El último verano fue muy diferente. Primero pasó lo de la estrella. Entonces, Mariana me pidió que cambiáramos de juego. Le propuse jugar a la pelota con las palas de madera maciza. No con las de plástico, unas para niños que mi padre me había traído de la capital, sino con las mismas que jugaban los mayores. Mariana aceptó y le pedí las suyas a Jorge, mi hermano; aquel verano él prefería coger olas con su tabla. 

Pero aquel juego no era nada divertido. Mariana no conseguía agarrar la raqueta por la empuñadura más de un golpe seguido. Nada más hacerlo, la pala salía despedida a rebozarse en la arena. «Pesa mucho y mi muñeca se dobla», me decía aunque se la lanzase cerca del costado para que solo necesitara alargar un poco el brazo. Lo intentábamos a todas las horas porque queríamos que mi madre y su tía dejaran de preguntarnos por nuestros motivos para no correr como antes. Mentíamos a todos diciendo que ya no nos interesaba, que las palas era lo mejor. La verdad era que no nos atrevíamos a poner un pie en el mar, nos daba mucho miedo. Habíamos visto caer una estrella muy cerca de la orilla, aunque Mariana decía que había sido un ovni. 

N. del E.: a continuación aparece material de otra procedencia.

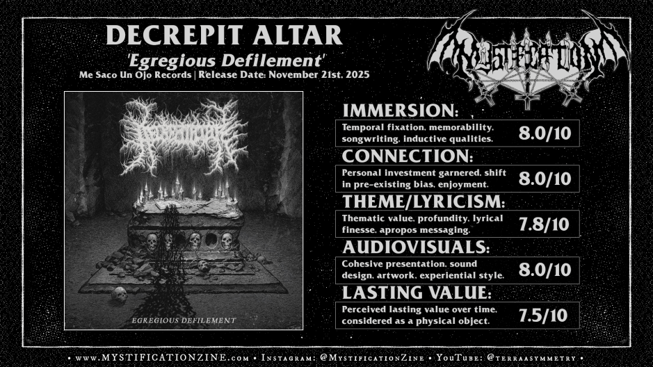Decrepit Altar appear pretty pro here on this introductory set of songs and I suppose the next step is to find some matter of coloration, or directive in their realm that stands out a bit more than this starting point. That isn’t to say that ‘Egregious Defilement‘ isn’t well above-average out the gates, it fully is, but rather that its high potentiate is obvious enough to have already begun building high expectations for the path forward. Still, if they stick to this rumbling, darkly atmospheric vision and only tunneled deeper into the shadows I’d still be praising and listening. A high recommendation.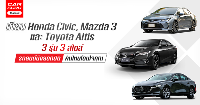 รีวิว เปรียบเทียบ Honda Civic, Mazda 3 และ Toyota Altis 3 รถยนต์นั่งยอดฮิต คันไหนโดนใจคุณ!

Ocurrió un día al atardecer. Fue tras las brazadas que dábamos siempre después de nuestra carrera. Una vez que salimos del agua, nos sentamos para mirar hacía el cielo y abrigados por nuestras toallas de Spiderman. Ver salir a las estrellas, nos encantaba. Pronto todo fue una mancha oscura ya que unas nubes negras lo taparon todo. Mariana había comprado una bolsita de patatas fritas de la que los dos comíamos en silencio hasta que apareció esa estrella en lo más alto.

—¿Has visto eso? —le pregunté alargando el brazo  y señalando aquella mota brillante con el dedo índice—¿No estaba nublado? —añadí excitado y casi sin darle tiempo a levantar la cabeza.

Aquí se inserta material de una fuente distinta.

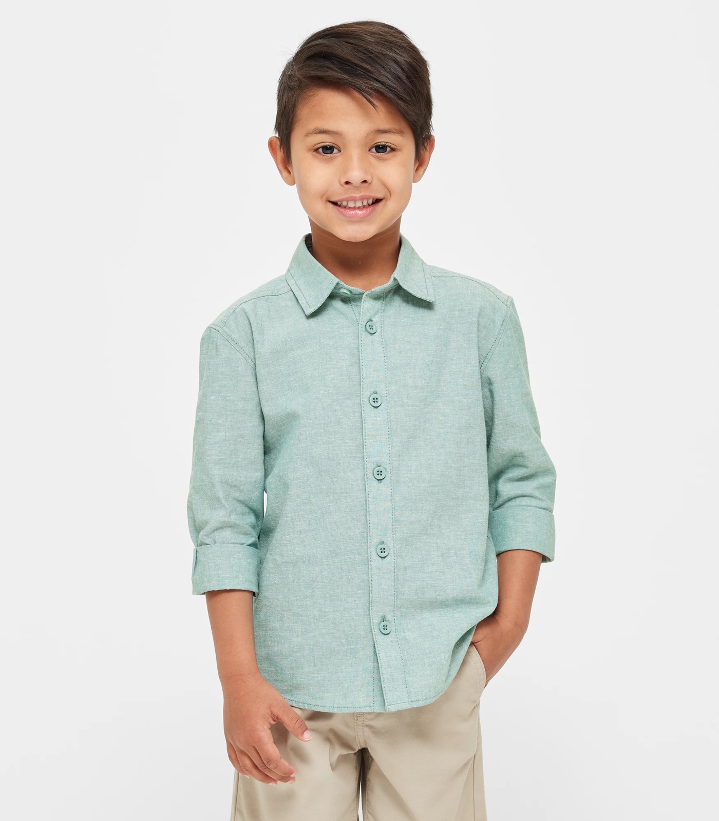Introducing our Linen Blend Long Sleeve Shirt for boys, a perfect addition to their wardrobe. Crafted from a high-quality cotton linen blend, this shirt offers both style and comfort. The regular fit ensures a relaxed look, while the collared neckline adds a touch of sophistication. With its button-up front and long sleeves with buttoned cuffs, this shirt can be easily adjusted according to the weather. The curved hem adds a trendy twist to the classic design. Whether it's a casual outing or a special occasion, this shirt is versatile and will make your little one look smart and stylish.

La estrella, o lo que fuera, empezó a caer a plomo y enmudecimos.

—No es una estrella, es una nave extraterrestre —dijo Mariana cuando iba a chocar contra el agua. 

No dudó ni movió un solo músculo. Tenía los ojos imantados en aquello. 

La espuma parecía chisporrotear y sentí como el viento nos escupía motas de arena por el rostro. Mi amiga se quitó la toalla y se puso en pie. 

—¡Quieto, espérame aquí y no te muevas!

Nada mas decirlo, Mariana echó a correr hacia la orilla. La marea se había retirado varias decenas de metros y, sobre la arena más prensada, la vi saltar como una gacela. Enseguida dejé de distinguirla, solo el blanco de las olas sobresalía en la oscuridad que ya lo envolvía todo.

Tardaba y me levanté. A punto estaba  de ir a avisar a mi madre cuando Mariana regresó. Venía andando. Al llegar a mi altura, sus dientes no paraban de sacudirse unos contra otros. Se abrazaba con los propios brazos y, al ir a cubrirla con la toalla, me fijé en su piel de gallina.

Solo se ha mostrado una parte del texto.